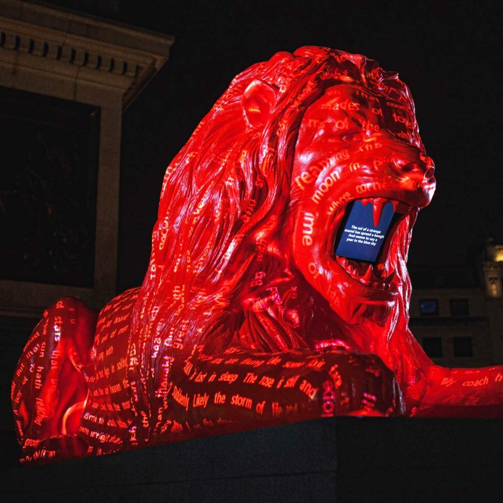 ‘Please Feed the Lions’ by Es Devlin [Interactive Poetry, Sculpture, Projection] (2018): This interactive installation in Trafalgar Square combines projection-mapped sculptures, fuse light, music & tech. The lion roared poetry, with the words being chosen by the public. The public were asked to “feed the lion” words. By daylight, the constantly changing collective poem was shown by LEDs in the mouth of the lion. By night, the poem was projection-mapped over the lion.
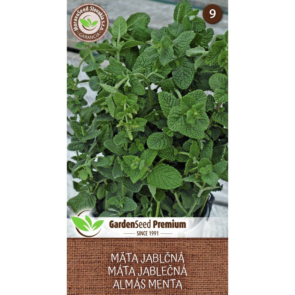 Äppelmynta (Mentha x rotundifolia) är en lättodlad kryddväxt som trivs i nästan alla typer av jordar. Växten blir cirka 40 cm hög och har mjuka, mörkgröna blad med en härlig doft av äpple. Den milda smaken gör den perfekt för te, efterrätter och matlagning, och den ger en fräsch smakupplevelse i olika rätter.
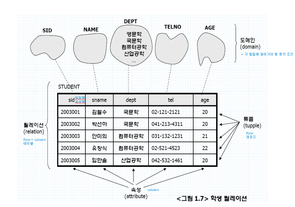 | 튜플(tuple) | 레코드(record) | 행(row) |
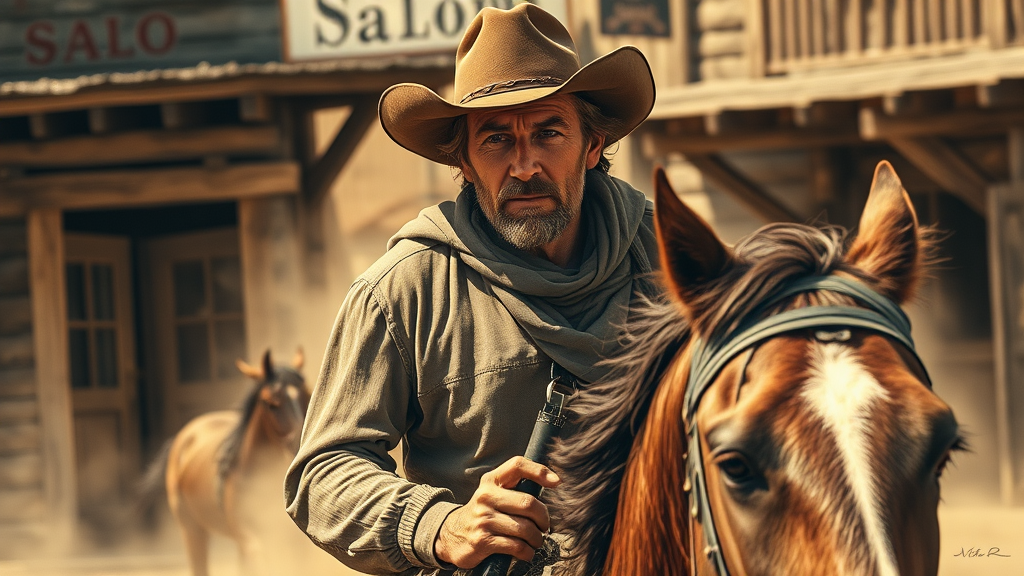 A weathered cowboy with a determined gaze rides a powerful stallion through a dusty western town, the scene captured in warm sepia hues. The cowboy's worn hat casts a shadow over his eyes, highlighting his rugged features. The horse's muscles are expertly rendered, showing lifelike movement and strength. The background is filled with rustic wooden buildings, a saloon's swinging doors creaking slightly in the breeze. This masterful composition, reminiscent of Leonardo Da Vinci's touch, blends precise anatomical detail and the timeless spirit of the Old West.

Prompt
Give the listing again word for word. Skip every image.

Answer to this exercise
 ‘Please Feed the Lions’ by Es Devlin [Interactive Poetry, Sculpture, Projection] (2018): This interactive installation in Trafalgar Square combines projection-mapped sculptures, fuse light, music & tech. The lion roared poetry, with the words being chosen by the public. The public were asked to “feed the lion” words. By daylight, the constantly changing collective poem was shown by LEDs in the mouth of the lion. By night, the poem was projection-mapped over the lion.
 Äppelmynta (Mentha x rotundifolia) är en lättodlad kryddväxt som trivs i nästan alla typer av jordar. Växten blir cirka 40 cm hög och har mjuka, mörkgröna blad med en härlig doft av äpple. Den milda smaken gör den perfekt för te, efterrätter och matlagning, och den ger en fräsch smakupplevelse i olika rätter.
 | 튜플(tuple) | 레코드(record) | 행(row) |
 A weathered cowboy with a determined gaze rides a powerful stallion through a dusty western town, the scene captured in warm sepia hues. The cowboy's worn hat casts a shadow over his eyes, highlighting his rugged features. The horse's muscles are expertly rendered, showing lifelike movement and strength. The background is filled with rustic wooden buildings, a saloon's swinging doors creaking slightly in the breeze. This masterful composition, reminiscent of Leonardo Da Vinci's touch, blends precise anatomical detail and the timeless spirit of the Old West.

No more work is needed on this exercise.